What’s in a name? Apparently, for a neighborhood bodega fighting against an incoming corporate giant, a name means a lot.

After a protracted, legal trademark battle, Coney Island Avenue’s longstanding Eleven 7 Food Mart at Beverley Road quietly changed their sign earlier this week. A store employee told BKLYNER that the change was a direct result of a trademark infringement lawsuit filed by the cattycorner 7-Eleven.

7-Eleven’s lawyers filed the suit with the U.S. District Court in Brooklyn last year, claiming that the bodega owners deliberately tried to “deceive consumers” by ripping off corporate branding.

The bodega is now called NY Best Food Mart. (Photo by Carly Miller/BKLYNER)

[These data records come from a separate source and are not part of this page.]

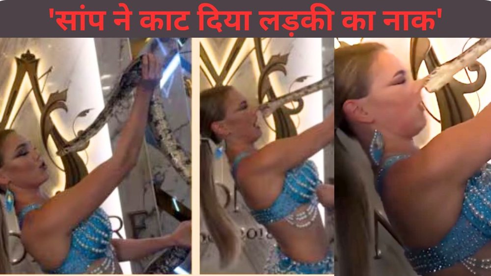 सांप के कई वीडियो सोशल मीडिया पर वायरल होते रहते हैं, ऐसा ही एक वीडियो इन दिनों चर्चा में है। वीडियो में दिख रहा है कि एक महिला डांसर सांप के साथ फोटो खिंचवाने के लिए किस करने वाला पोज दे रही है, तभी अचानक उसके नाक पर वह काट लेता है। सांप अचानक लड़की की नाक को अपने दातों में ले लेता है। वह लड़की की नाक पर अपने दांत गड़ा देता है, इसके बाग वह दर्द से चिल्लाने लगती है मगर फिर भी वह सांप को आराम से नीचे जमीन पर रखती है।
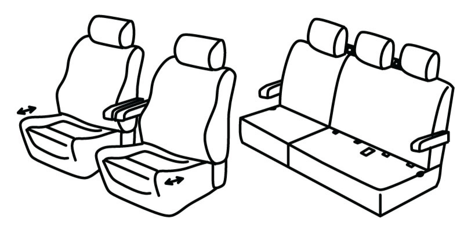 front seats ergonomic, 2 front armrest connected to front seats, front seats have plastic backside, rear upper and bottom seat foldable (1/3 + 2/3), 2 rear armrest on sides, isofix connected to seat cover, headrests are normal, 3 seat belts on upper rear seats
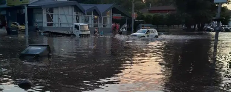 При цьому автомобілі змушені перепливати через метрові калюжі, а місцеві жителі почали купатися на підтоплених вулицях.
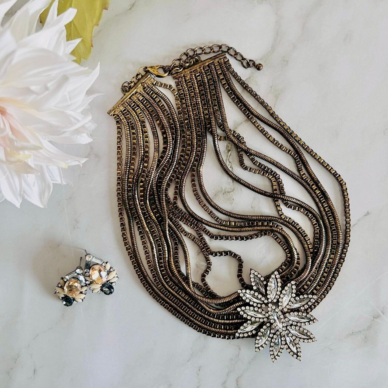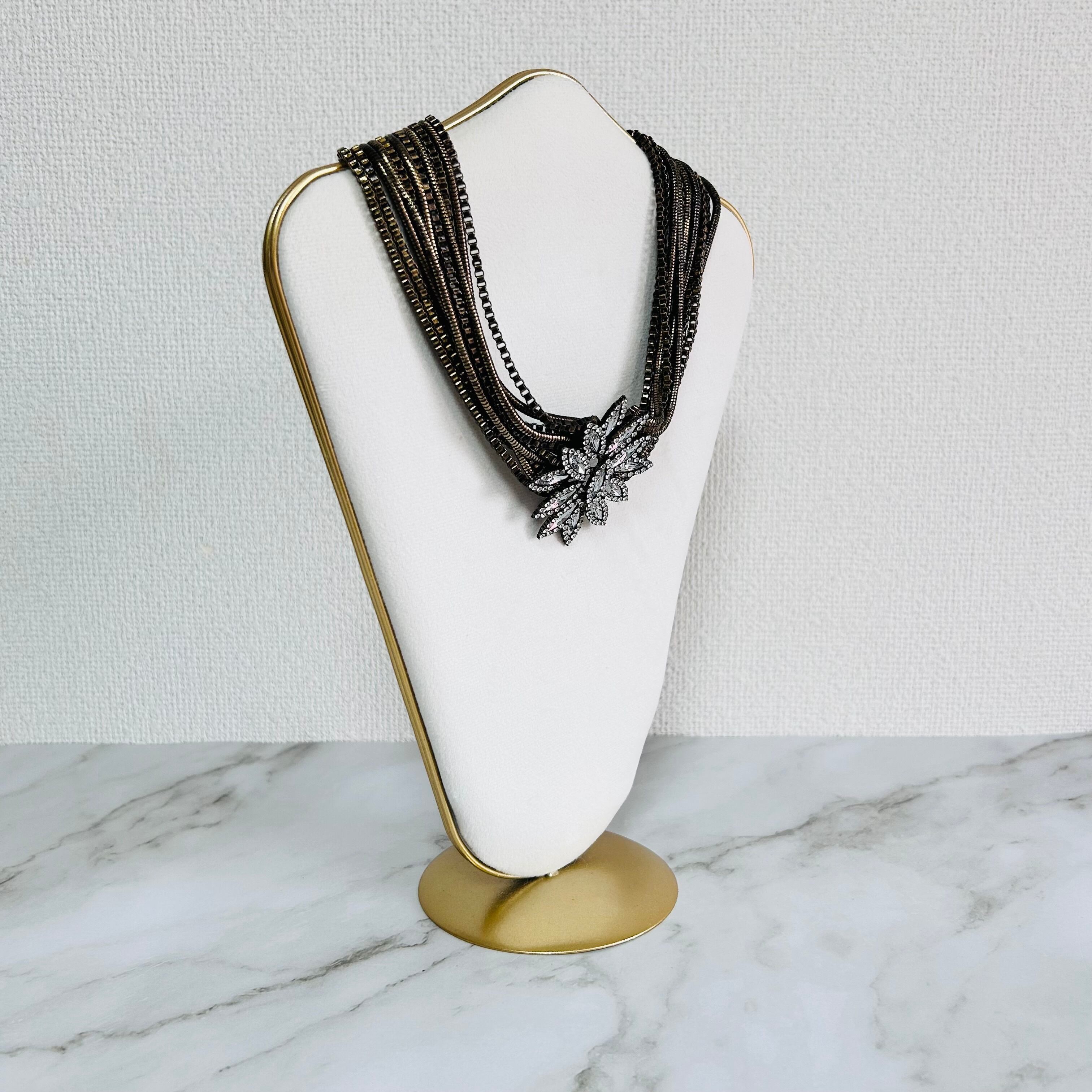 重厚感のあるアンティークゴールドのチェーンを幾重にも重ね、華やかなトップが目を惹く、胸元にドラマティックな陰影を生み出すネックレスです。
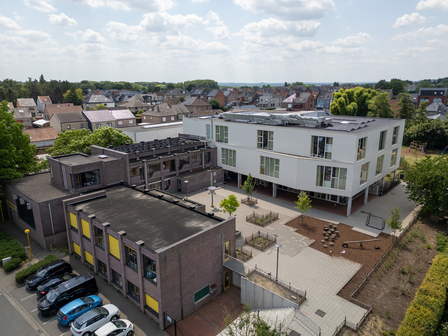 Waar de oude gebouwen eerder gesloten, zwaar en gefragmenteerd oogden, brengt de nieuwbouw lichtheid, openheid en transparantie. Open polyvalente ruimtes en slimme circulatie zorgen zo voor licht, ademruimte en een optimale leeromgeving voor de kinderen. De site van de basisschool maakt bovendien deel uit van een grotere cluster met lokalen van de jeugdbeweging KKOS, de parochiezaal, een ruime parking langs de Dendermondsesteenweg en de dorpskerk. Door die koppeling vormt de school een prominente en actieve schakel waar verschillende actoren samenkomen.
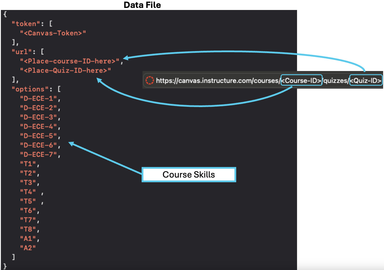 To prime the MatrixMaker, the instructor or teaching assistant must identify and specify badge names or labels, which are then fed to the MatrixMaker list of options to select from, when tagging individual questions. This step is essential in ensuring that the MatrixMaker is properly configured to identify and assign skills to student responses. As described within Figures 9 and 13, to access course and student data and tag questions, the instructor or teaching assistant must paste their token into the data file, assessment identification, and specify the list of achievable skills in the course.
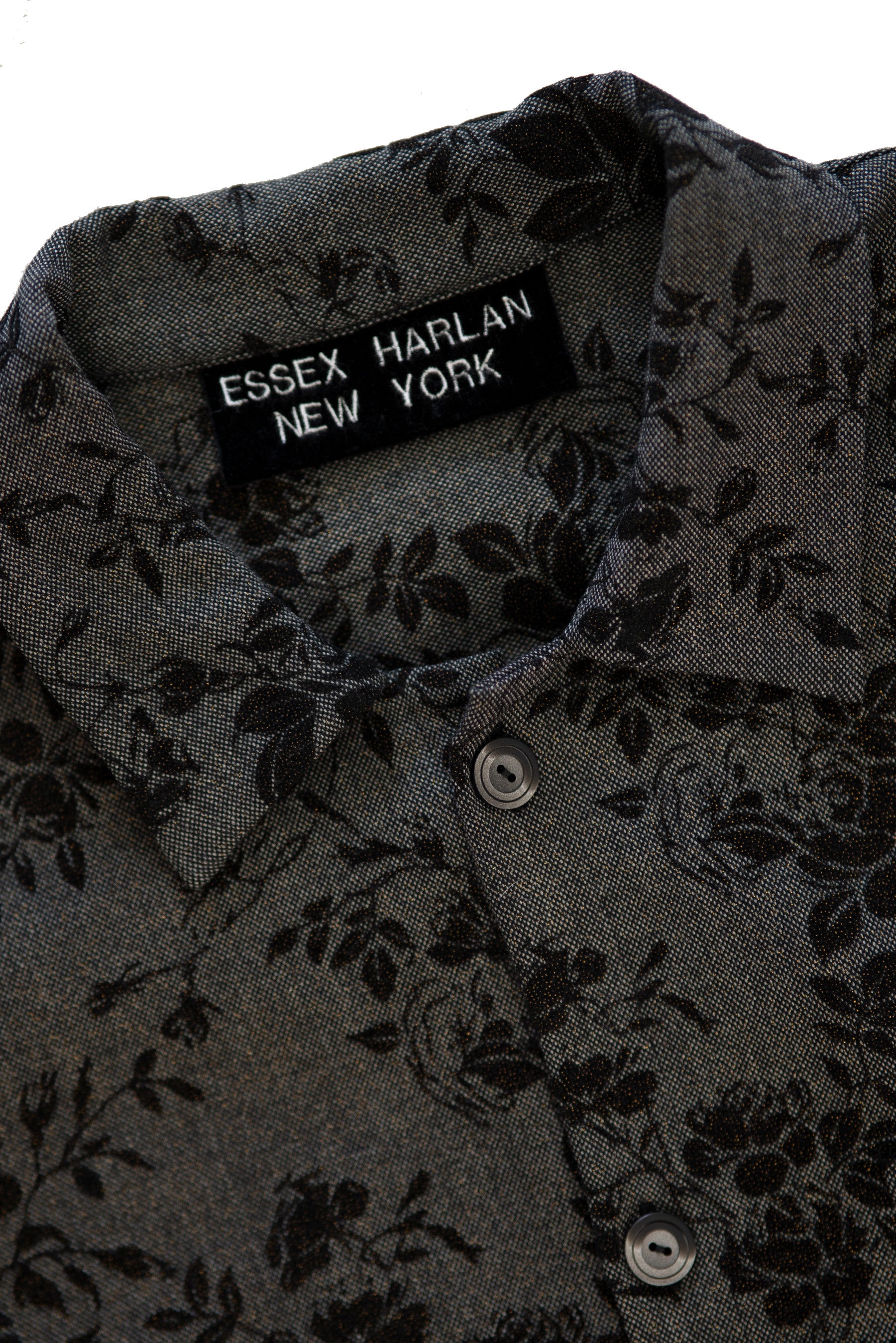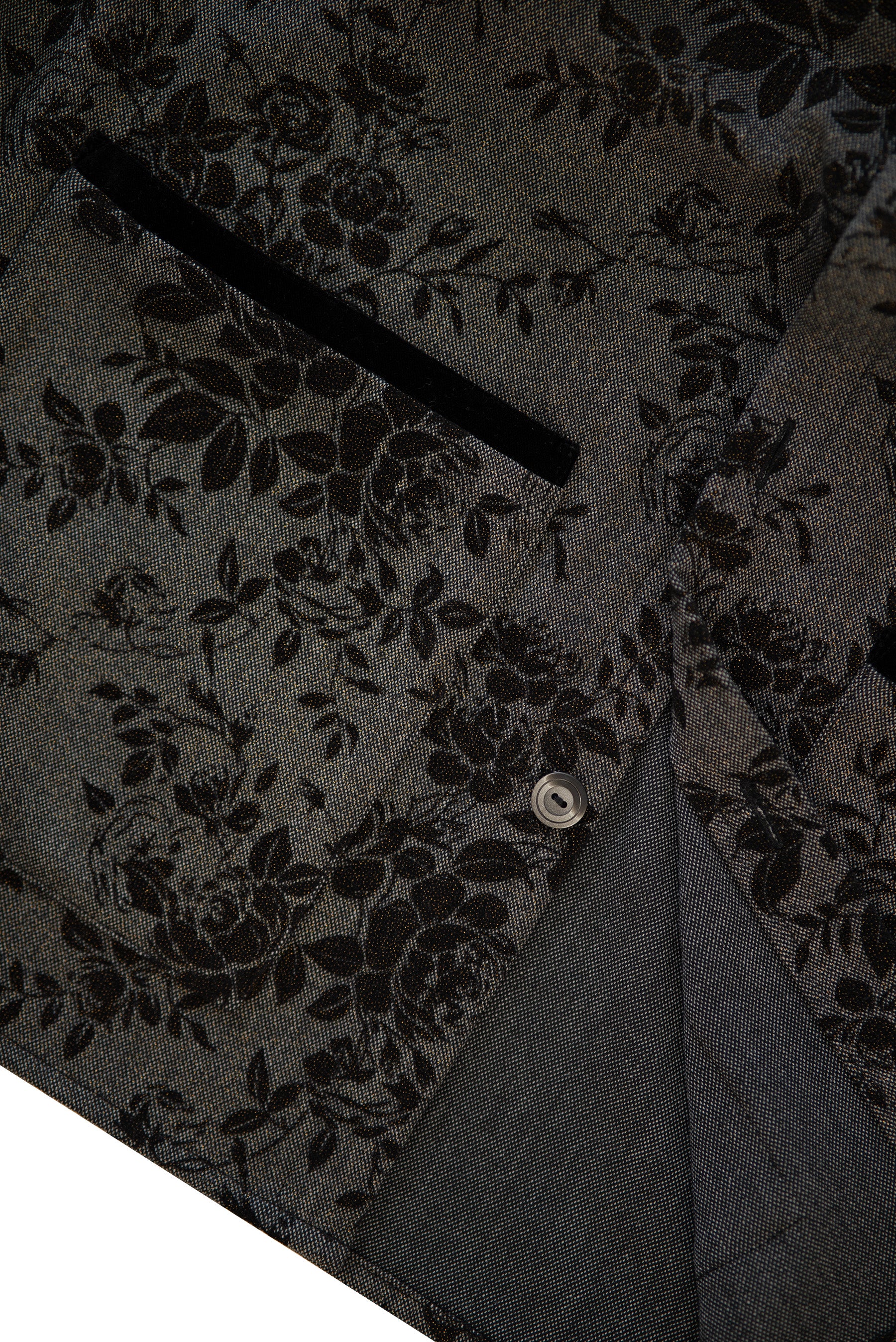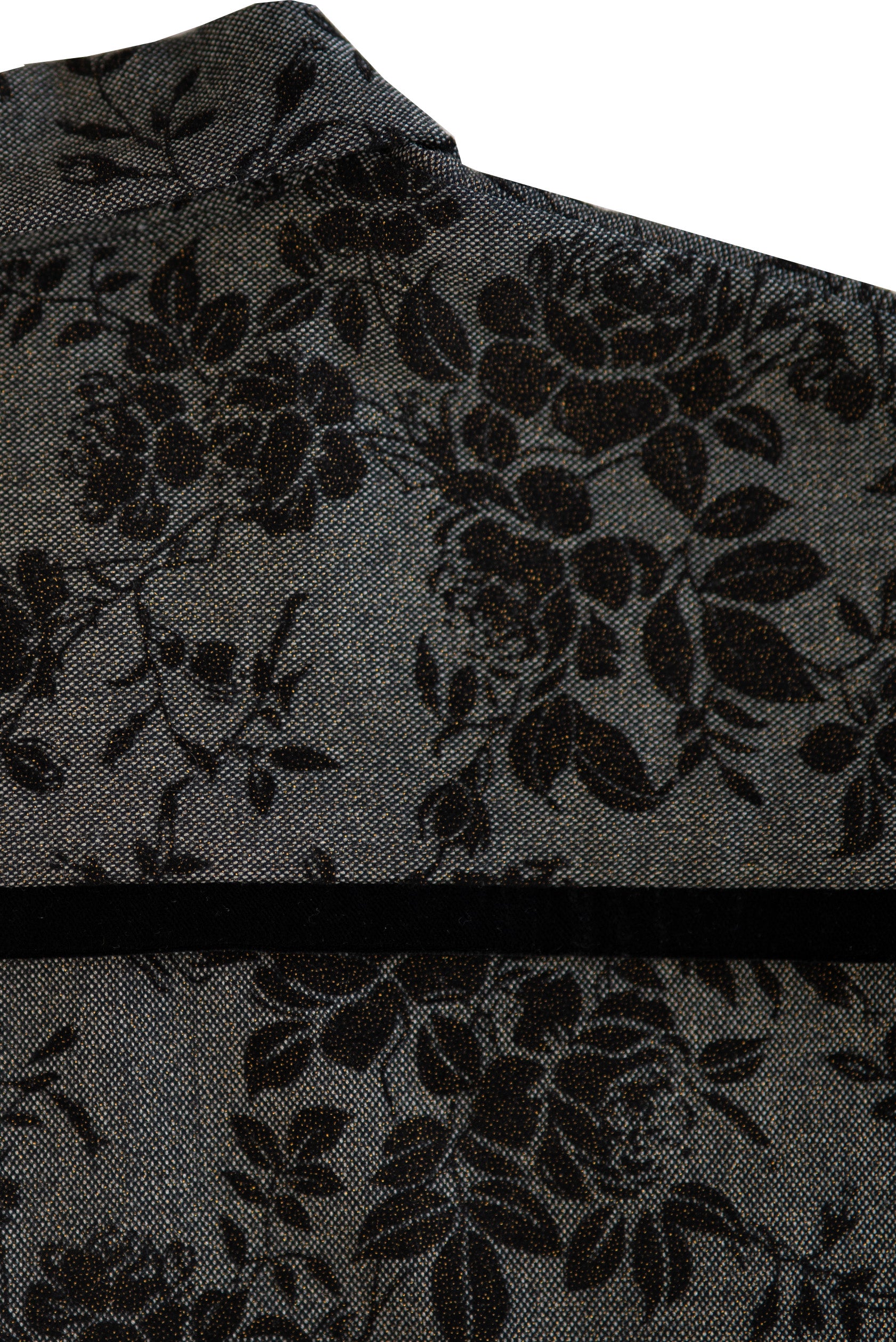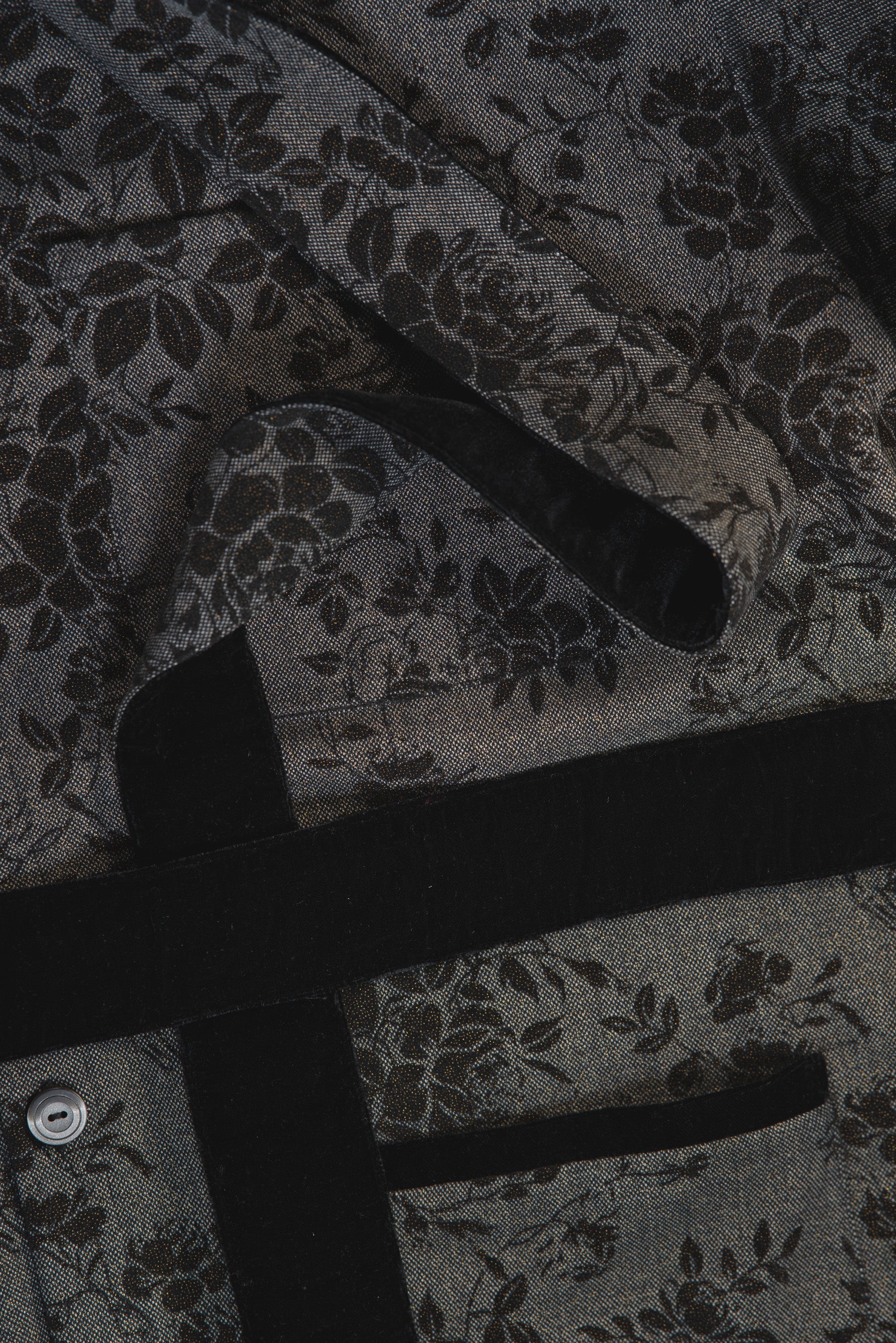 Constructed from black polyester damask, accentuated with solid black velvet detailing, this shirt features distinctive double stripes along the sleeves and a singular stripe across the back yoke, adding a touch of modern sophistication. It comes with a self-tie belt, accommodating various body shapes and ensuring both a perfect fit and unrivaled comfort. This shirt stands out by offering a luxurious drape, setting a new standard for relaxed yet refined style.
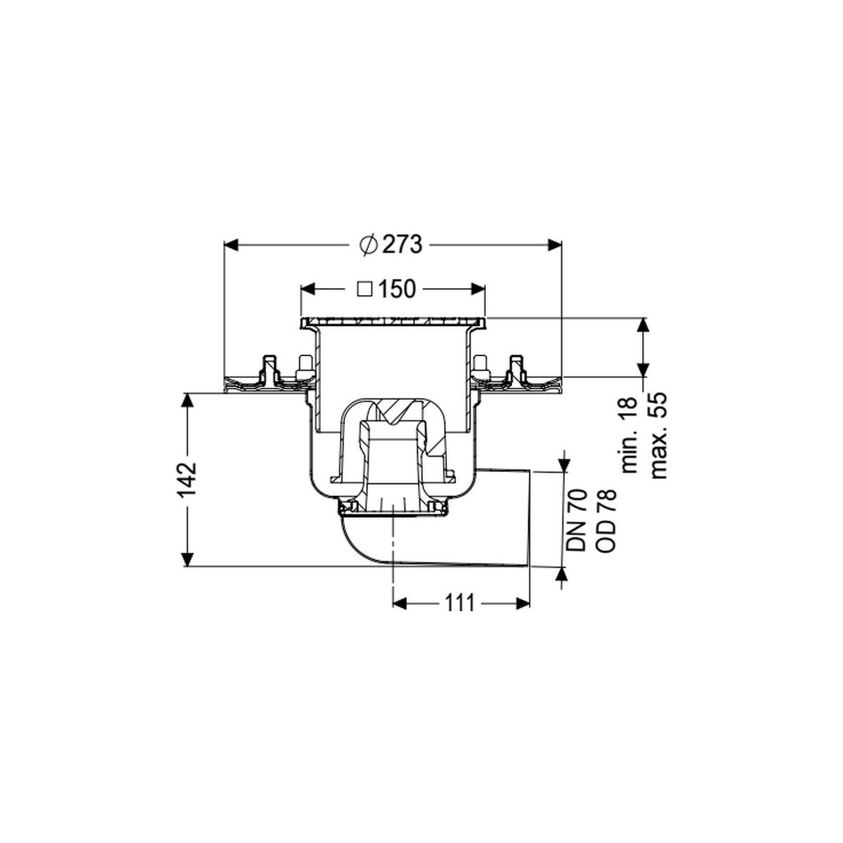 Ferrofix-Bodenablauf mit Druckdichtungsflansch DN 70, seitlich, Schlitzrost
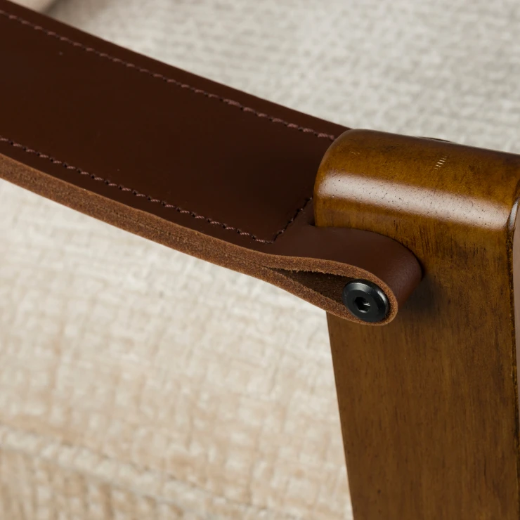 • Förstärk atmosfären i din sittgrupp med Dutchbone Washington. Denna fåtölj utmärker sig genom sin träram i en vacker valnötsfinish. Läderarmstöden tillför en stilig detalj som gör stolen lite mer unik. De djupa tonerna i träet och lädret skapar en vacker kontrast mot de ljusa sitt- och ryggkuddarna. Kuddarna ger en bekväm sittupplevelse och känns underbart mjuka tack vare det fylliga tyget. Det subtila vävda mönstret fulländar designen och tillför en fin vintagekänsla.

But Eleven-7’s manager Amjad Baig denied the claims when we spoke to him last year, arguing that they pre-dated the chain by at least two decades, and the name similarity was purely coincidental. The 7-Eleven opened on the block in 2013.

Baig said they would fight the lawsuit and, in the meantime, display their sign proudly. But when we stopped in yesterday, an employee shrugged his shoulders.

The corporation has more money and more lawyers, the employee said, painting them as the David to 7-Eleven’s Goliath.

Inside, the store looks exactly the same.

The old Eleven-7 sat cattycorner to the newer 7-Eleven chain which opened in 2013. Behind them you can see the new, almost-completed apartment towers near Hinckley. (Photo by Carly Miller/BKLYNER)

Oddly enough, this isn’t the first store to lose their name to an incoming national brand on that very street, pointed out reader Greg Rothman. More than a decade ago, two fried chicken places jockeyed between similar names.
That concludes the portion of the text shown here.